Assume $\mathbf{A} \in \mathbb{R}^{m \times n}$ has full column rank and $\mathbf{b} \in \mathbb{R}^m$.

- Step 1: Compute the (thin) QR factorization e.g., by [Gram–Schmidt](https://ucla-biostat-216.github.io/2023fall/slides/02-vector/02-vector.html#how-to-orthonormalize-a-set-of-vectors-gram-schmidt-algorithm) or [Household algorithm](https://ucla-biostat-216.github.io/2023fall/hw/hw4/hw4.html#q3-household-reflections) (HW4): $\mathbf{A} = \mathbf{Q} \mathbf{R}$.

- Step 2: Compute $\mathbf{Q}' \mathbf{b}$.

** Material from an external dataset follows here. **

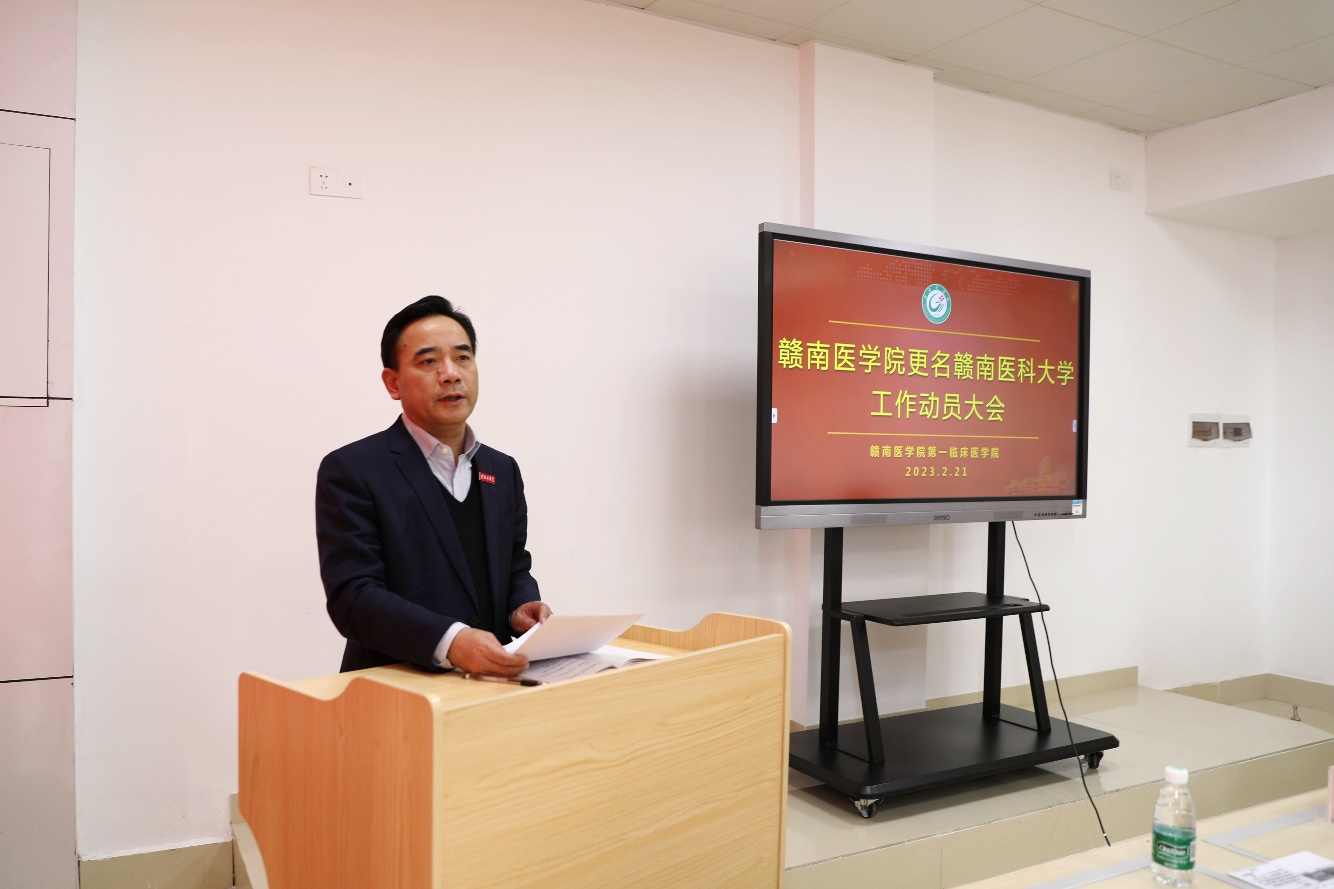 受学校党委副书记、校长兼第一临床医学院党委书记张小康的委托,邹晓峰在会上讲话。邹晓峰表示,全院干部职工一要统一思想、提升认识,切实提升紧迫感和使命感。在更名大学工作面前,没有局外人,人人都是主人翁,全院上下要提高政治站位,把更名大学工作当作目前最紧要的工作任务,配合好学校更名办及相关部门做好迎检准备工作,为决战决胜更名大学而努力奋斗,贡献力量;二要认清形势、抢抓机遇,切实增强更大信心和决心。今天,站在赣医发展的关键节点上,每个赣医人必须增强战必胜、攻必克的信心和决心,抢抓千载难逢的战略机遇,保持敢闯敢干、一往无前的姿态,用汗水浇灌出赣医更加辉煌灿烂的明天。三要明确任务、落实责任,高质量完成相关建设任务。作为全校目前学生体量最大的二级学院,要主动认领工作任务,强化工作分工,加强沟通协作,保质保量完成学校交办的各项工作。要充分利用国检前这段时间进行集中攻坚,倒排工期、加大力度,在国检之前,根据学校部署把各项指标任务、支撑材料及现场考察点准备工作全部完成到位,特别是狠抓“三个文明”建设督查工作,全面做好迎接教育部专家进校考察的各项准备工作。四要凝心聚力、务实奉献,在更名大学工作中担当作为。全院师生员工必须立刻行动起来,进一步树立主人翁意识,强化全院一盘棋思维,维护大局、服从安排,为学校全面建设高水平应用型医科大学贡献智慧和力量。
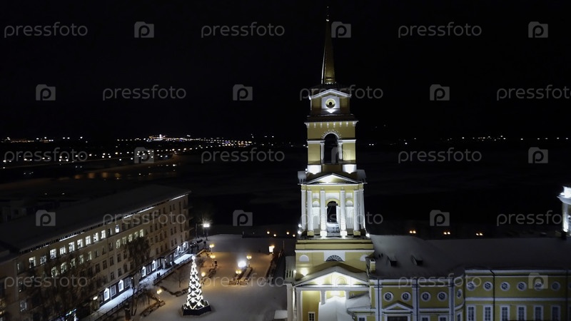 Вид с воздуха на освещенную церковь и жилые здания.Клип.Прекрасный город ночью

- Step 3: Back substitution: Solve triangular system $\mathbf{R} \hat{\mathbf{x}} = \mathbf{Q}' \mathbf{b}$.

- Remark: The only difference of this algorithm from the [QR approach for solving linear equation](https://ucla-biostat-216.github.io/2023fall/slides/07-matinv/07-matinv.html#solving-linear-equations-by-qr) is that $\mathbf{A}$ and $\mathbf{Q}$ can be tall.

- Total number of flops is $2mn^2 + 2mn + n^2 \approx 2mn^2$.